The opening summary states:
"While most supported by the benefit system in childhood had no contact with care and protection services, as a population group their likelihood of contact was 1.5 times that for the cohort overall."If you think that seems low there's a reason. Throughout the factsheet the benefit group is compared to the total cohort (which includes the benefit group). Why not compare the benefit group to the non-benefit group?
Maybe because the result doesn't look so good.
Let me demonstrate:
Here's MSD calculations:
Of 41,000 benefit cohort 12,000 (80% of all known) had contact with C&P =.293
Of 76,000 total cohort 15,000 (100% of all known) had contact with C&P = .197
.293 is 1.5 times .197
But let's look at the non-benefit cohort
Of 35,000 non-benefit cohort 3,000 (20% of all known) had contact with C&P = .086
.293 is 3.4 times .086
Children who appeared in the benefit system were 3.4 times more likely to have contact with C&P than non-beneficiary children. Nowhere in the factsheet does this likelihood appear.
Being known to C&P doesn't necessarily mean a child has been abused or neglected. There is however also data available on the incidence of substantiated findings.
The paper says "looking at the estimated 18 percent of the cohort who spent at least nine years of their first 17 years supported by the benefit system...27 percent had substantiated findings of abuse or neglect (a rate more than three times that for the overall cohort...)"
Again the authors make the comparison to the overall cohort and not the non-benefit cohort. Let's do that with the data available in the next table:
We know from the previous table that 27 percent of the 9+ years benefit group had at least one substantiated finding of abuse or neglect. The 9+ group represents 18 percent (table above) of the total cohort of 76,000 or 13,680. So 3,694 of them had a finding.
3,694 is 60 percent of the total children with a finding. Total children with a finding must therefore be 6,157.
3,694 findings (60%) amongst 13,680 (9+ benefit group) = .27
739 findings (12%) amongst 35,000 (non-benefit group) = .021
.27 is 12.9 times .021
Children who spend 9 or more years in the benefit system are almost 13 times more likely to experience a substantiated finding of abuse or neglect than children never on a benefit. That's more meaningful than a likelihood, "more than 3 times that for the overall cohort."
Yet turning to the "discussion" section of the factsheet, MSD says:
"The findings are consistent with associations between low income and measures of child maltreatment found both across and within countries. They do not however establish that being supported by the benefit system causes a child to be more at risk of these outcomes."
Right out of the CPAG handbook. It's a pretty pointless exercise then, analysing benefit and CYF overlap only to write the association off to "low income".
5 comments:
Long time reader, keep up the great work.
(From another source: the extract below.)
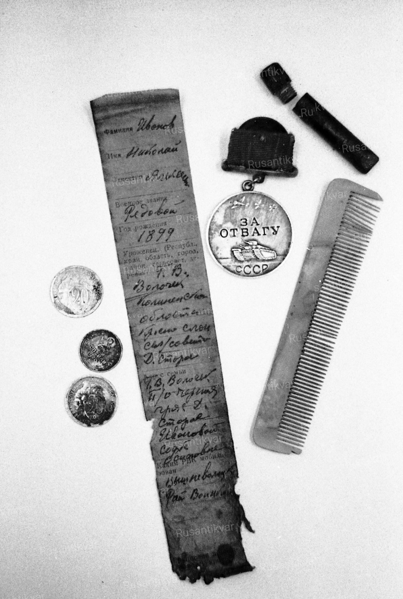 7. Бланк записки, медальон, медаль и вещи сержанта Иванова.

You seem to be a lone voice in the wilderness actually challenging widely accepted philosophies and assumptions. You have a critical voice - please keep doing this.
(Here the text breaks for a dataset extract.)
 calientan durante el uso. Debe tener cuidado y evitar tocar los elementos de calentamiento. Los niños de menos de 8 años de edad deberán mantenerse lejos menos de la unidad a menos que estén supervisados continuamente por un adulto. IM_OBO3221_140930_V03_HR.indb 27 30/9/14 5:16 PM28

Hi Lindsay - I concur with Anon above.
Stuart L
Would someone please explain to me how making an issue appear better than it really is help resolve the issue. Surely it is in everyone's best interests to be honest about how bad the problem is and then work at solving it.
Well written as always Lindsay.
What about challenging Paula Bennett on your findings or better still John Campbell on TV3. Leaving the at risk group in the non-risk group is either a deliberate skew or ignorance of 6th form stats.